По кругозору, темпераменту, характеру Петр не был Иоанном, Андрей Фомой, Мария не была Марфой, а Мария из Вифлеема не походила на Марию Магдалину. Да и сам Иисус ничего не говорил и не делал, чтобы преуменьшить их естественные различия или подогнать под какой-то один тип личности. Из 15-й главы Евангелия от Луки, где Он излагает суть Своего искупительного служения, мы узнаем, что Он с равным вниманием относился ко всем, кого пришел спасти. Некоторые, подобно заблудившейся овце, нуждаются в заботе и попечении, другие, подобно случайно потерянной драхме, ждут, чтобы их нашли, третьи, сбившиеся с пути в результате собственного своенравия, как это случилось с блудным сыном, нуждаются в том, чтобы извлечь какой-то урок из всего случившегося и, наконец, четвертые, которые, подобно старшему брату, погрузились в жестокую самоправедность, нуждаются в смирении. Учитель никогда не говорил «все вы грешники» и не уравнивал одного с другим. Иисус всегда умел отличать, и христианскому пастору тоже надо этому научиться и с должной проницательностью делать это всегда и везде.

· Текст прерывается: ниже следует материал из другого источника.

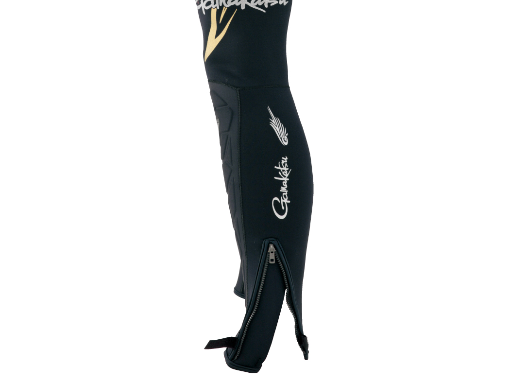 ●3mm厚のクロロプレンを採用することにより、立ち込んだ際にも体をしっかりと保温します。また、クロロプレンの伸縮性は釣行時に発生する、ポイント移動時の歩行運動、オトリ交換の際の屈伸運動などの動作を妨げません。
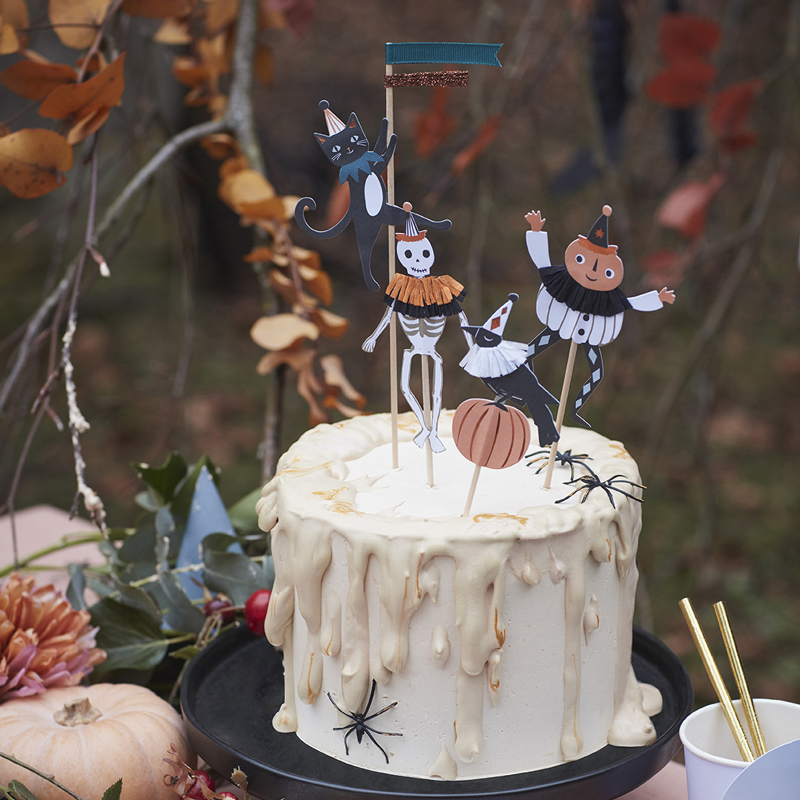 Transform a cake into a really terrific treat with these fabulous Halloween toppers, including a pumpkin, crow, black cat and skeleton. They are beautifully illustrated and designed, with lots of delightful embellishments.

Конечно, постоянно чувствуешь соблазн подогнать под какую-либо классификацию бесконечное разнообразие человеческих характеров, что, разумеется, глупо. Единственное, что можно сделать, — наметить некоторые основные типы, дающие бесчисленные варианты.

1). Древние греки усматривали связь между физическими и психическими особенностями человека и сообразно четырем, как они считали, основным жидкостям, имеющимся в человеческом теле (кровь, флегма, просто желчь и так называемая «черная желчь»), выделяли четыре основных типа личности. С их точки зрения люди делятся на сангвиников, флегматиков, холериков (то есть склонных к быстрому раздражению) и меланхоликов. На самом деле связь между «теммераментом» и железами внутренней секреции более сложная, однако какая-то доля истины в данной классификации все-таки есть, хотя под «темпераментом», о котором часто приходится слышать, в более точном мысле следовало бы понимать некий тон и настрой личности, обусловленный совокупностью жизненного опыта и делающий нас оптимистами или пессимистами, людьми доверчивыми или склонными к подозрению, готовыми уверовать или наоборот стать циниками. Веселый, жизнерадостный темперамент — дар Божий. С другой стороны, люди медлительные, крепко стоящие на ногах и не очень-то склонные к эмоциональным излияниям более надежны, преданы и последовательны. Холерики — это легко возбудимые, импульсивные, но в то же время приятные, щедрые люди, которые быстро реагируют, быстро соображают и готовы посочувствовать. Меланхолик склонен к глубоким чувствам во всем, что касается подлинной дружбы, общей радости или боли; он в большей степени склонен усматривать опасность и брать не себя обязанности других людей. Нередко такие люди — это артистичные, чувствительные, глубокие и крайне честные натуры. Непонятно почему, но все перечисленные характеры остаются именно такими, а не другими. В любой критической ситуации один сразу же усматривает нечто положительное, другой стремится ее обективно осознать и осмыслить, третий быстро реагирует на нее, а четвертый готов «ждать наихудшего». Никто из них не выбирает той или иной линии поведения и, вероятно, они поступают неосознанно; жизнь или учение может внести какие-то коррективы в их характер, однако ничто не изменит их.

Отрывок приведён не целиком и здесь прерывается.